### What is being asked
From the first line to the last, restate the records word for word, skipping the pictures.

### Material for the task
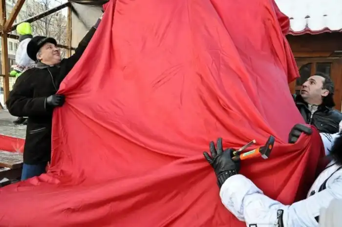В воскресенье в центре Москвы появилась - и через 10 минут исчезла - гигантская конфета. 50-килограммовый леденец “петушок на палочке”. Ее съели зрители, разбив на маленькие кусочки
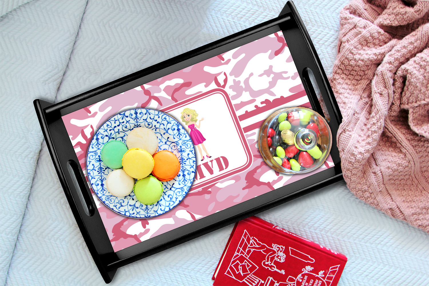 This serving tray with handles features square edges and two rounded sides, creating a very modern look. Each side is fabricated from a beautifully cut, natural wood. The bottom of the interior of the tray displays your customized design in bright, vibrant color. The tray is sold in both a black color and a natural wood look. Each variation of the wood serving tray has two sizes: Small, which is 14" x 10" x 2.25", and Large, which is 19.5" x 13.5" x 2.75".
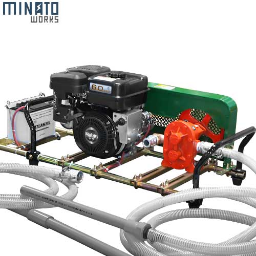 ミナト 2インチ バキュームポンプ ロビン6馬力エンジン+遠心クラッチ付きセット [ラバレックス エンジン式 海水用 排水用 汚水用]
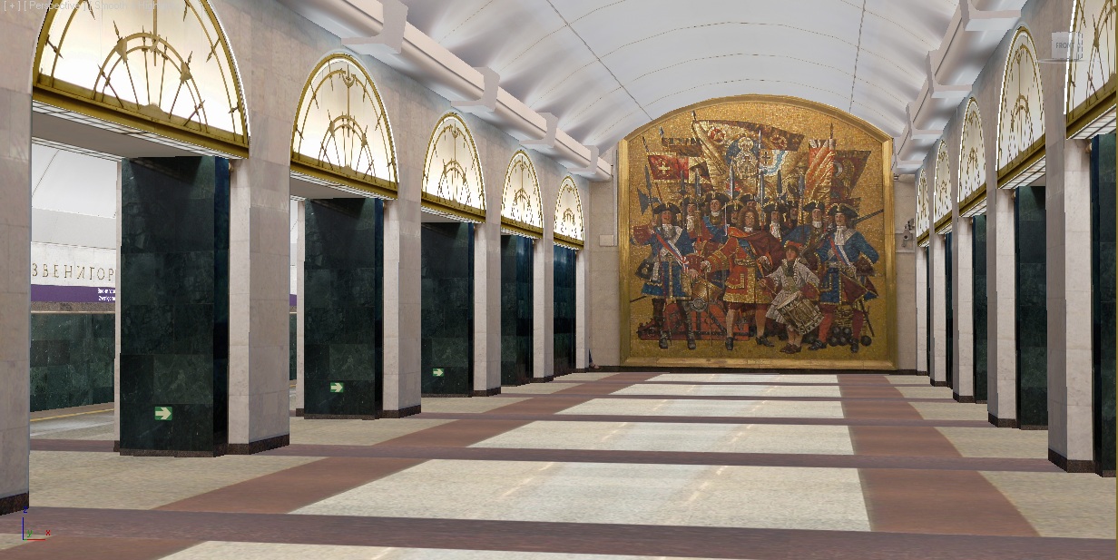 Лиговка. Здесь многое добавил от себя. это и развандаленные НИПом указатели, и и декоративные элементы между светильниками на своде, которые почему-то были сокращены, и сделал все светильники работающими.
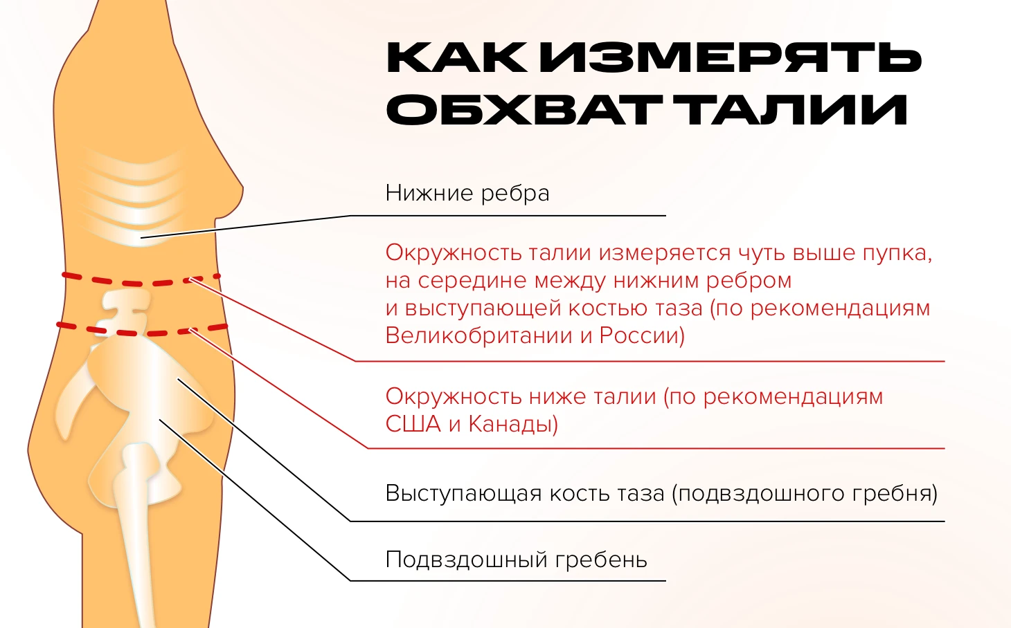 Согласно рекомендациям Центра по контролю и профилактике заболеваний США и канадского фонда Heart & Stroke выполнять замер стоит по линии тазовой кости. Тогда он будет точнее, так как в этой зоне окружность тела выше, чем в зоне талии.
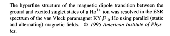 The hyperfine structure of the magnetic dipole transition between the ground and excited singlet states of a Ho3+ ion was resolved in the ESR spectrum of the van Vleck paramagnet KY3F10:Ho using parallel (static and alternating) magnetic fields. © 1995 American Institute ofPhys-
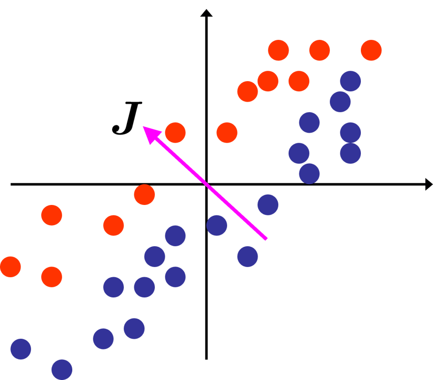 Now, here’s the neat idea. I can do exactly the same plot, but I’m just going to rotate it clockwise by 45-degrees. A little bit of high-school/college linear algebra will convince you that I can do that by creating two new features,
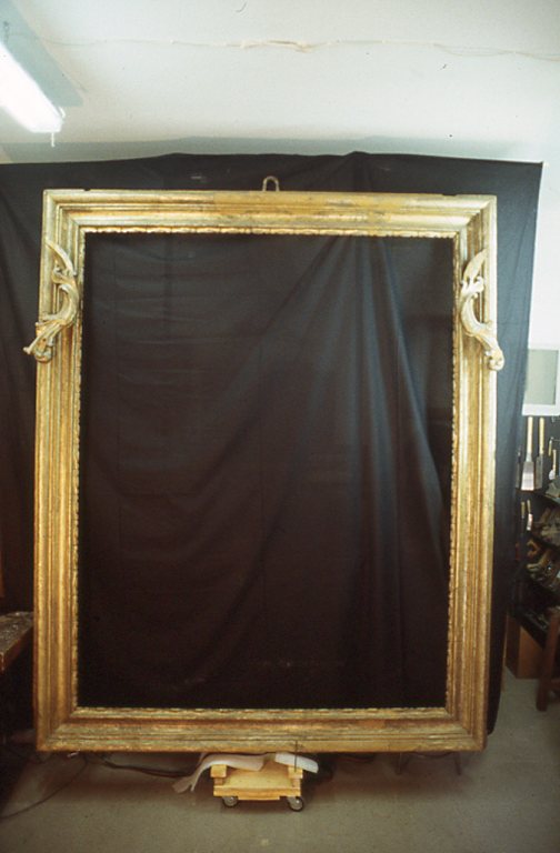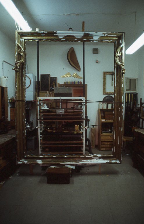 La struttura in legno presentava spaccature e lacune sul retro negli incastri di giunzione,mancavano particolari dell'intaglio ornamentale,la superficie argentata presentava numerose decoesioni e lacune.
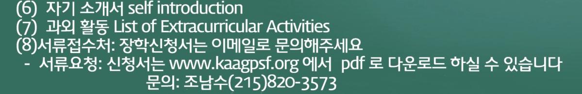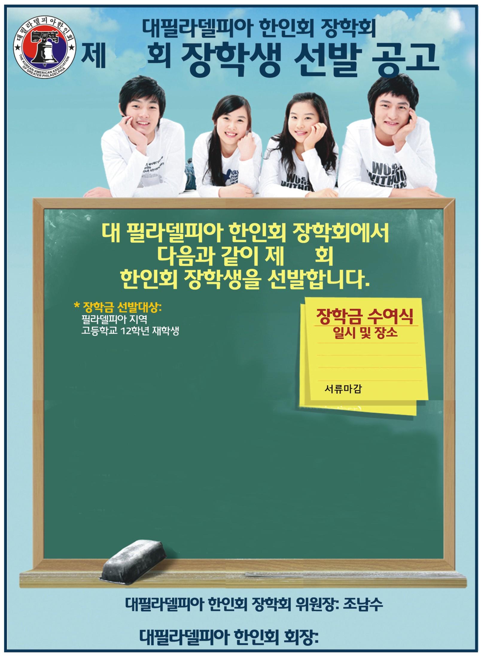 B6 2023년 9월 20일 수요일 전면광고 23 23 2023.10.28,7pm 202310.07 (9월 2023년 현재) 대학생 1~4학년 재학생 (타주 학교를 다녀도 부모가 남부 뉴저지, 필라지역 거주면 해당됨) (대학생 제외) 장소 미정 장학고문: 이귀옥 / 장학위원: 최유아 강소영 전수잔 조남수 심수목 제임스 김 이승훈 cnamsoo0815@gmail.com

### Your response
В воскресенье в центре Москвы появилась - и через 10 минут исчезла - гигантская конфета. 50-килограммовый леденец “петушок на палочке”. Ее съели зрители, разбив на маленькие кусочки
 This serving tray with handles features square edges and two rounded sides, creating a very modern look. Each side is fabricated from a beautifully cut, natural wood. The bottom of the interior of the tray displays your customized design in bright, vibrant color. The tray is sold in both a black color and a natural wood look. Each variation of the wood serving tray has two sizes: Small, which is 14" x 10" x 2.25", and Large, which is 19.5" x 13.5" x 2.75".
 ミナト 2インチ バキュームポンプ ロビン6馬力エンジン+遠心クラッチ付きセット [ラバレックス エンジン式 海水用 排水用 汚水用]
 Лиговка. Здесь многое добавил от себя. это и развандаленные НИПом указатели, и и декоративные элементы между светильниками на своде, которые почему-то были сокращены, и сделал все светильники работающими.
 Согласно рекомендациям Центра по контролю и профилактике заболеваний США и канадского фонда Heart & Stroke выполнять замер стоит по линии тазовой кости. Тогда он будет точнее, так как в этой зоне окружность тела выше, чем в зоне талии.
 The hyperfine structure of the magnetic dipole transition between the ground and excited singlet states of a Ho3+ ion was resolved in the ESR spectrum of the van Vleck paramagnet KY3F10:Ho using parallel (static and alternating) magnetic fields. © 1995 American Institute ofPhys-
 Now, here’s the neat idea. I can do exactly the same plot, but I’m just going to rotate it clockwise by 45-degrees. A little bit of high-school/college linear algebra will convince you that I can do that by creating two new features,
 La struttura in legno presentava spaccature e lacune sul retro negli incastri di giunzione,mancavano particolari dell'intaglio ornamentale,la superficie argentata presentava numerose decoesioni e lacune.
 B6 2023년 9월 20일 수요일 전면광고 23 23 2023.10.28,7pm 202310.07 (9월 2023년 현재) 대학생 1~4학년 재학생 (타주 학교를 다녀도 부모가 남부 뉴저지, 필라지역 거주면 해당됨) (대학생 제외) 장소 미정 장학고문: 이귀옥 / 장학위원: 최유아 강소영 전수잔 조남수 심수목 제임스 김 이승훈 cnamsoo0815@gmail.com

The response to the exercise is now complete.